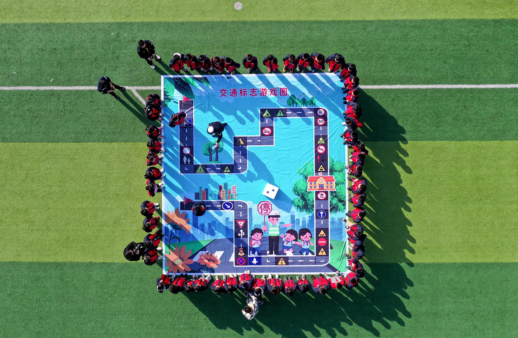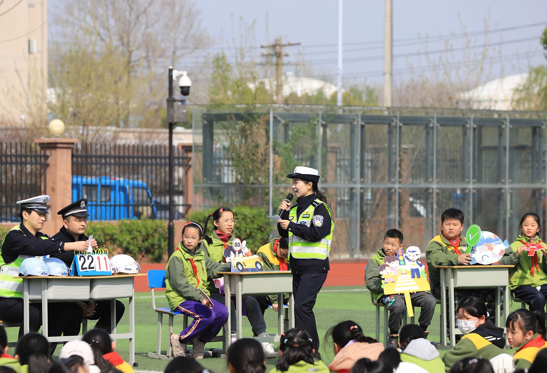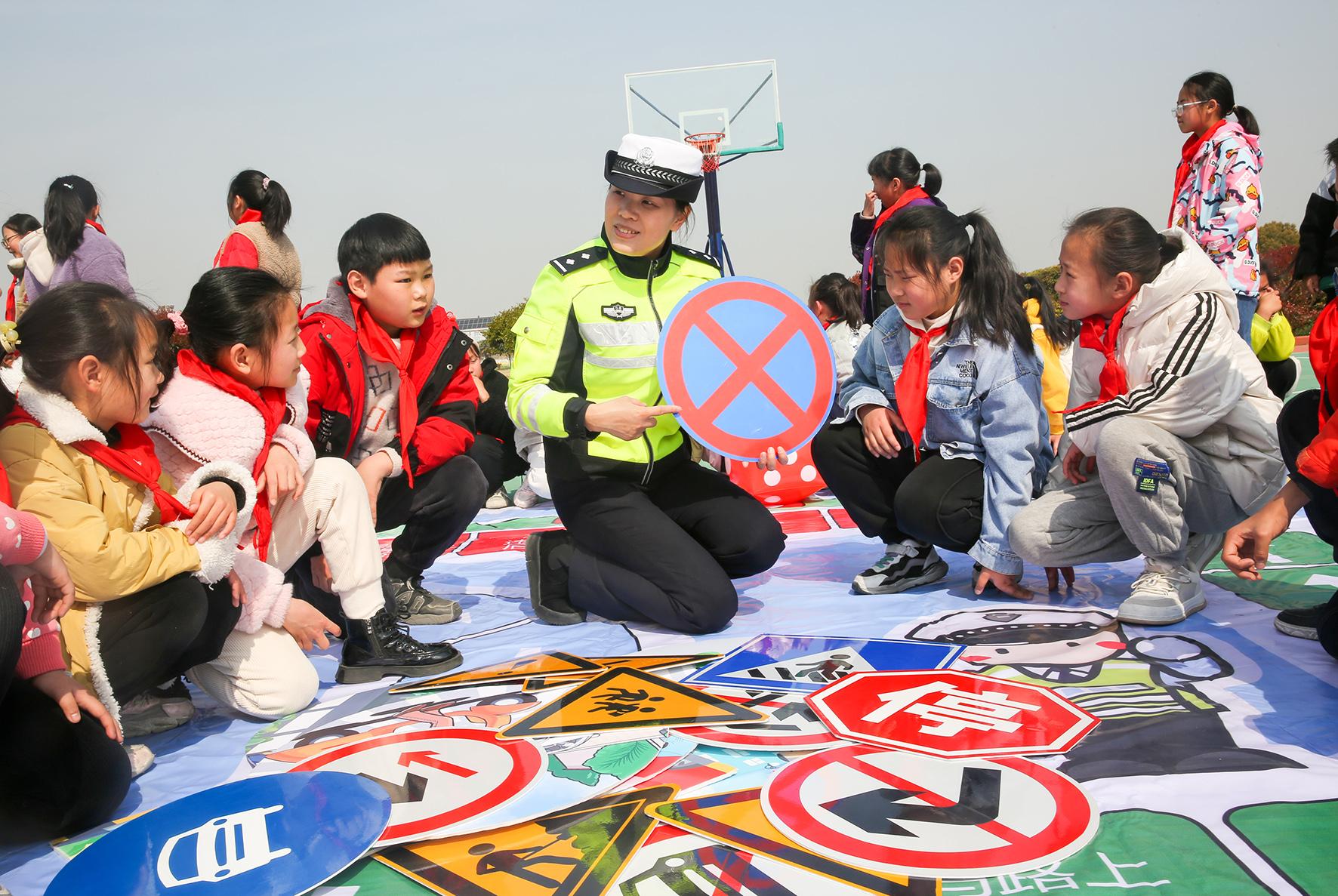 3月26日,安徽省阜南縣公安局交管大隊民警在黃崗鎮(zhèn)靳成學(xué)校與學(xué)生們互動交通安全知識。
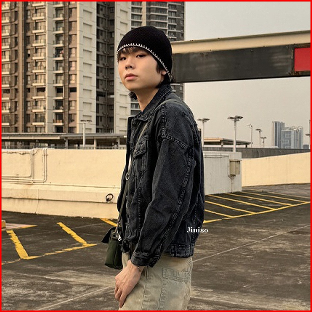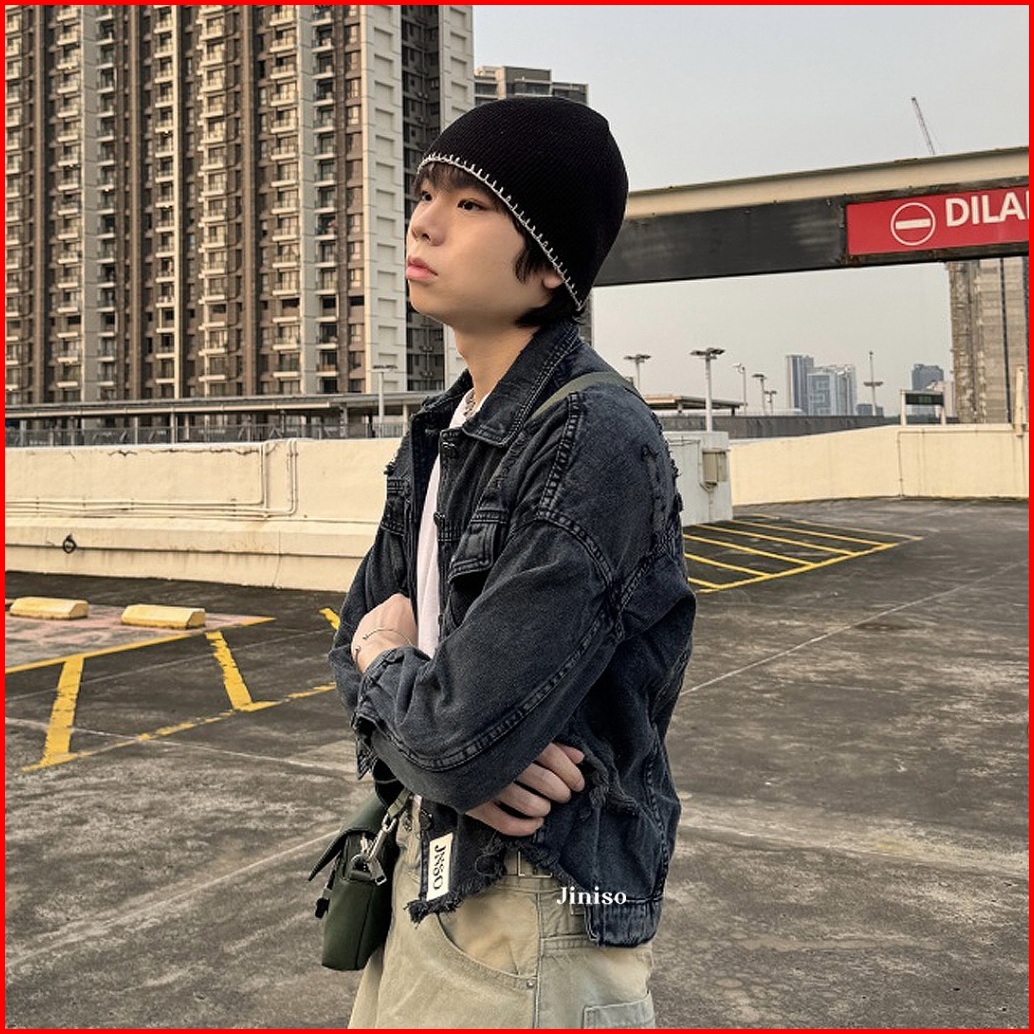 Jiniso Pria Ripped Jaket Jeans Oversize Vintage Black Acid
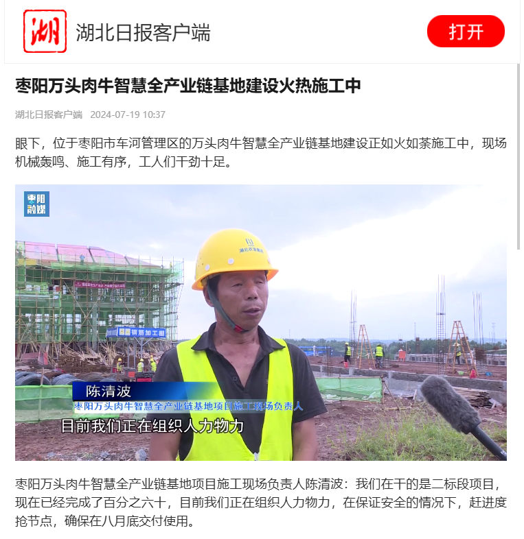 湖北日報(bào):棗陽萬頭肉牛智慧全產(chǎn)業(yè)鏈基地建設(shè)火熱施工中
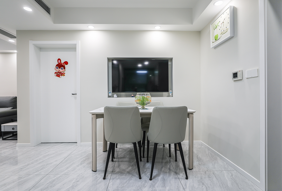 餐廳空間比較寬敞,淺灰色地磚很干凈,色彩和造型上都簡潔大氣。
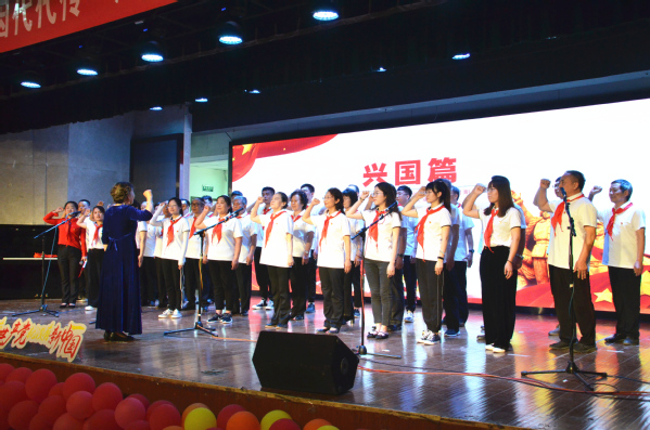 伴隨著幕后花絮視頻的播放,在《沒有共產黨就沒有新中國》的歌聲中,由退休黨支部與學生黨支部分別組成的十個合唱團隊陸續登臺。在“救國篇”“興國篇”“富國篇”“強國篇”四個篇章中,師生們用飽含感情的歌聲唱出了對黨的熱愛與感激;唱出了對祖國對人民的熱愛;唱出了勇擔新時代的歷史使命的豪情。最后,全體師生齊聲合唱《我的祖國》將活動畫下了圓滿的句號。
- - -
▶ **PROBLEM**:
All of the lines above must be printed again exactly, and no picture may appear in the copy.

▶ **ANSWER TO THE EXERCISE**:
 3月26日,安徽省阜南縣公安局交管大隊民警在黃崗鎮(zhèn)靳成學(xué)校與學(xué)生們互動交通安全知識。
 Jiniso Pria Ripped Jaket Jeans Oversize Vintage Black Acid
 湖北日報(bào):棗陽萬頭肉牛智慧全產(chǎn)業(yè)鏈基地建設(shè)火熱施工中
 餐廳空間比較寬敞,淺灰色地磚很干凈,色彩和造型上都簡潔大氣。
 伴隨著幕后花絮視頻的播放,在《沒有共產黨就沒有新中國》的歌聲中,由退休黨支部與學生黨支部分別組成的十個合唱團隊陸續登臺。在“救國篇”“興國篇”“富國篇”“強國篇”四個篇章中,師生們用飽含感情的歌聲唱出了對黨的熱愛與感激;唱出了對祖國對人民的熱愛;唱出了勇擔新時代的歷史使命的豪情。最后,全體師生齊聲合唱《我的祖國》將活動畫下了圓滿的句號。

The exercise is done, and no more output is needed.